Da audição global de toda a prova gravada é viável concluir que não se encontram registos incontestáveis que permitam alterar a resposta às alíneas a) e b) dos factos não provados.
Todavia, em contraponto, na avaliação integrada de toda a prova, face à envolvência e à intensidade do incidente, o acontecimento em discussão era susceptível de atingir a integridade física alheia, não fosse a intervenção de terceiros e a defesa encetada pelo Autor, como ressalta claramente da versão trazida ao processo pela testemunha (…). De acordo com este testemunho a agressão não foi consumada porque o Autor se defendeu com uma cadeira e os presentes conseguiram tirar a faca das mãos do Réu, quando este se preparava claramente para atingir o (…).
É assim incontroverso que todas as circunstâncias de modo presentes na situação judicanda apontam incontestavelmente para que a intenção do Réu fosse agredir o Autor na sua integridade física. E, em certa medida, isso decorre até das palavras do Réu, que afirma que as pessoas ali presentes o impediram e lhe tiravam a faca das mãos. E, desta forma, decide-se alterar a resposta à alínea c) dos factos não provados, passando a mesma a corresponder ao ponto 10 dos factos provados.
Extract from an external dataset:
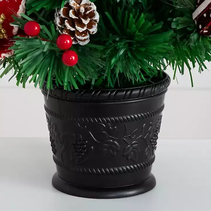 Deck the halls for the holiday season with this Pre-Lit Poinsettia Christmas Tree Arrangement! The star topper and attached ornaments make decorating a breeze. Plus, its mini size makes it perfect for a small space!
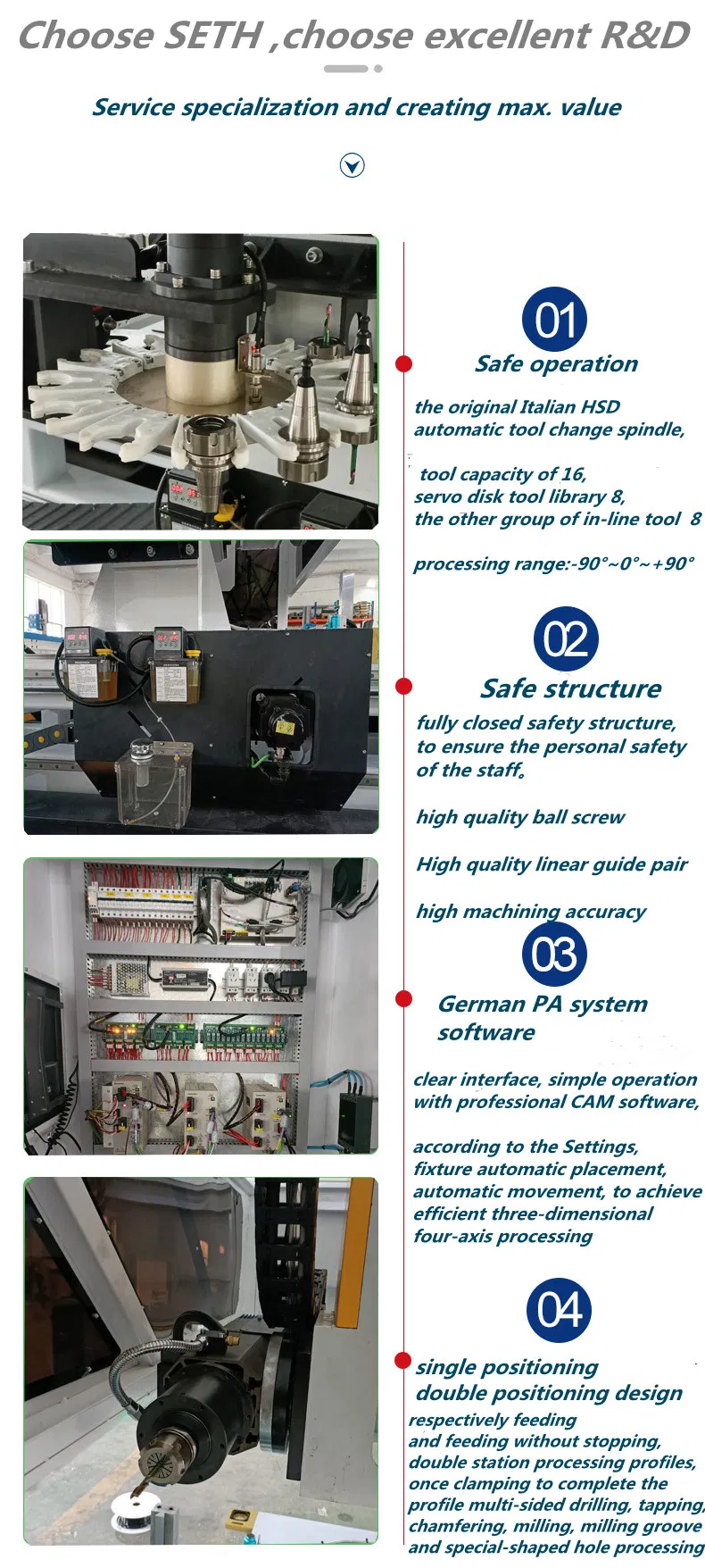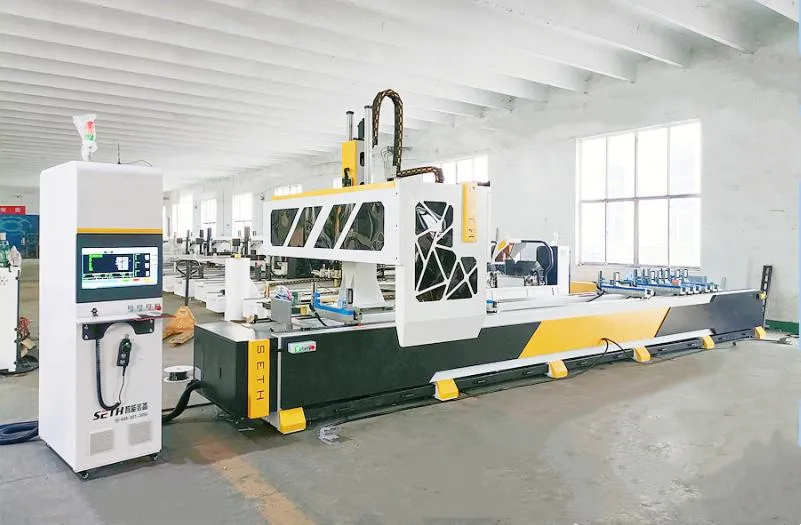 This advanced machining center is designed for economical and efficient machining of aluminium and thin-walled steel profiles. All operations, such as routing, drilling, tapping, and sawing, are performed while the profile bar is stationary to protect the surfaces.

Na avaliação do Tribunal Superior também não existe qualquer prova credível e sustentada que favoreça uma decisão distinta relativamente às alíneas e) e h) dos factos não provados. Na realidade, aquilo que consta das conclusões 8) e 9) não transmite a ideia da continuidade das conversas públicas sobre os acontecimentos aqui em discussão e a ter existido algum alarido ele foi contemporâneo com a situação em apreço. Inexiste assim qualquer notícia nos autos de que a situação proposta pelo recorrente se mantém ou teve grande repercussão pública.
Quanto à matéria indicada em pontos j) e k) dos factos não provados formaram-se dois blocos probatórios. Na exteriorização da convicção da matéria de facto provada podem ser encontrados aspectos relevantes complementares quanto às matérias associadas ao estado de espírito do Réu, bem como aquelas que estão associadas à descrição das sequelas que sobrevieram por causa do evento em discussão.
Nesta dimensão, o Tribunal «a quo» apoiou-se nas palavras de (…), que disse que «após este episódio de discussão, ambos continuaram a frequentar o Café “(…)”, mas a horas diferentes para não se cruzarem e relativamente ao Autor referiu que não o viu nervoso ou aborrecido com o sucedido». E também valorizou positivamente o testemunho de (…) confirma também que «nunca viu o autor aborrecido ou com medo de se cruzar com o réu ou de sair à rua». Em sentido contrário, a Meritíssima Juíza de Direito não acreditou no depoimento de (…), que havia asseverado que o Autor estava afectado e tinha alterado os seus rituais diários.
Numa lógica de normalidade social parece mais crível que um ataque com uma faca tenha repercussões psicológicas que ultrapassam a barreira do aborrecimento e que um episódio deste tipo determine a própria alteração das rotinas quotidianas. E esse é o procedimento do cidadão comum, à luz do critério do bom pai de família.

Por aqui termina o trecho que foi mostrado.